LeBron James: After Winning His First Title, Can He Catch Kobe Bryant's Five with the Lakers?
LeBron James has, after nine years in the NBA, won his first title.
He is already a three-time Most Valuable Player, an eight time All-Star, a six time All-NBA First Teamer as well as NBA rookie of the year. Those credentials alone should make James a first ballot hall of famer whenever he does decide to retire, but at age 27 he probably has close to 10 good years left.
Just one NBA championship is a monumental accomplishment, but to truly be considered one of the greatest of all time an NBA player needs multiple championships. So the path ahead for James is clear.
Suddenly his window to find his place among the all-time greats is open and for the first time James is finally begin to look the part of a man who could will his team to multiple championships. Even his teammates noticed.
He had a look about him in the playoffs, one that he didn't have during the regular season, Heat forward Shane Battier told the Scott Van Pelt show. It started in the Indiana game when we were down 2-1. He just said, 'we are not going to lose.' It was amazing, it was like he was a different person.
Prior to that game, on May 20, the Heat were 5-3 in the playoffs and James was averaging 27.6 points, 7.75 rebounds and 5.1 assists per game. Starting with game four against the Pacers, the Heat rattled off an 11-4 record and James upped his production, going 31.7 points, 10.8 rebounds and 5.8 assists.
But it wasn't just that he got better, he got better when it counted. Down 2-1 to the Pacers he went for 40 points, 18 rebounds, and 9 assists. Down 3-2 to Boston in the Eastern Conference Finals, James silenced the TD Garden with 45 points, 15 rebounds and 5 assists and down 1-0 to Oklahoma City he led the Heat to victory with 32 points, eight rebounds and five assists.
That is what it takes to win multiple titles and that is James' stated goal.
The question is where will he end up? One of his contemporaries, and a player who seemed to master the art of winning titles at a much earlier age, Kobe Bryant may be a good goal for James.
Bryant has five titles spread over the first decade of the 2000s, a tall order for James who is sitting at just one, but something he has plenty of time left to do.
James will turn 28 part of the way through the 2013 NBA season, a time when many players are considered to be just hitting their primes.

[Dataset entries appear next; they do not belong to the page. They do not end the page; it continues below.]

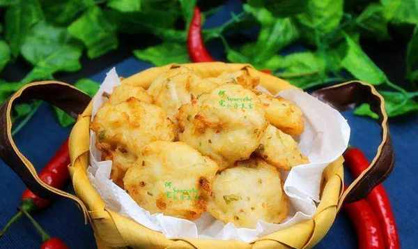 4、锅内倒入适量食用油。油的温度约为160度。将拌匀的萝卜奶放入勺子中,倒入油锅中,在油锅中会变成一个个的。油炸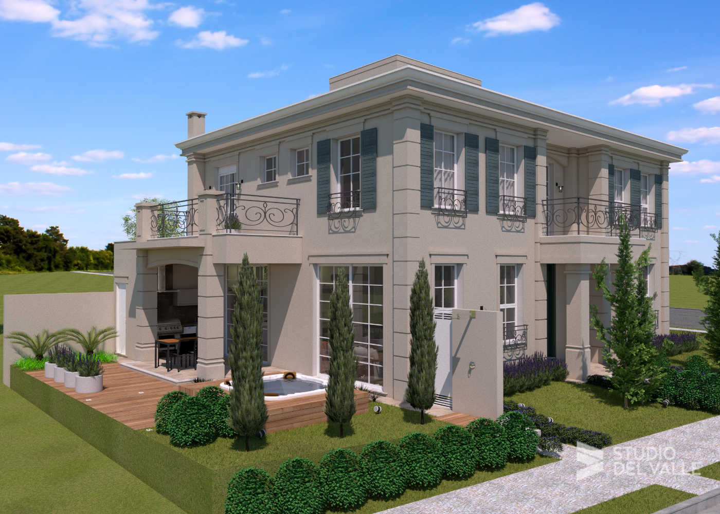 Studio del Valle, , 2018, Bay window, Canto alemão, Neoclássica, Pergolado, PiscinaResidência em estilo neoclássico em terreno com leve aclive. A única cor usada na fachada é discreta, mas contrasta...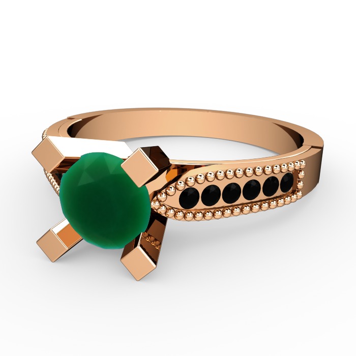 Kök zümrüt ve siyah zirkon 18 ayar rose altın yüzük

He probably has six to eight years of playing at the highest level left, and another two to four after that where he can still be a good NBA player.
That gives him plenty of time to run down Bryant's five. But James has other advantages as well. There is little competition left for the Heat in the Eastern Conference, especially next year.
The Chicago Bulls, the East's top team this year, will be without Derrick Rose to start the season and there is no telling how effective he will be when he does return. The Celtics are officially old, they looked tired and beaten down by game seven against the Heat, and there is much uncertainty in Boston about what that team will look like next year.
The New York Knicks are a good team on paper, but the results have been disastrous and they aren't threatening to put it together any time soon. Perhaps the only rising threat to the Heat in the East is the Indiana Pacers, and Miami dispatched them fairly easily in the second round.
Out West, Oklahoma City will undoubtedly continue to be a nuisance, as will the Lakers with Bryant and San Antonio as long as Tim Duncan continues to play. But right now James has the best team going.
Obviously there are a lot of what ifs. There is no telling what kind of brand new superstar is waiting to emerge from the draft, or from the legions of young players jockeying for playing time on NBA rosters.
There is no way of knowing if other groups of superstars may form their own super teams to try to take the Heat down. What we do know for now is this, James has his first title and he isn't likely to stop there.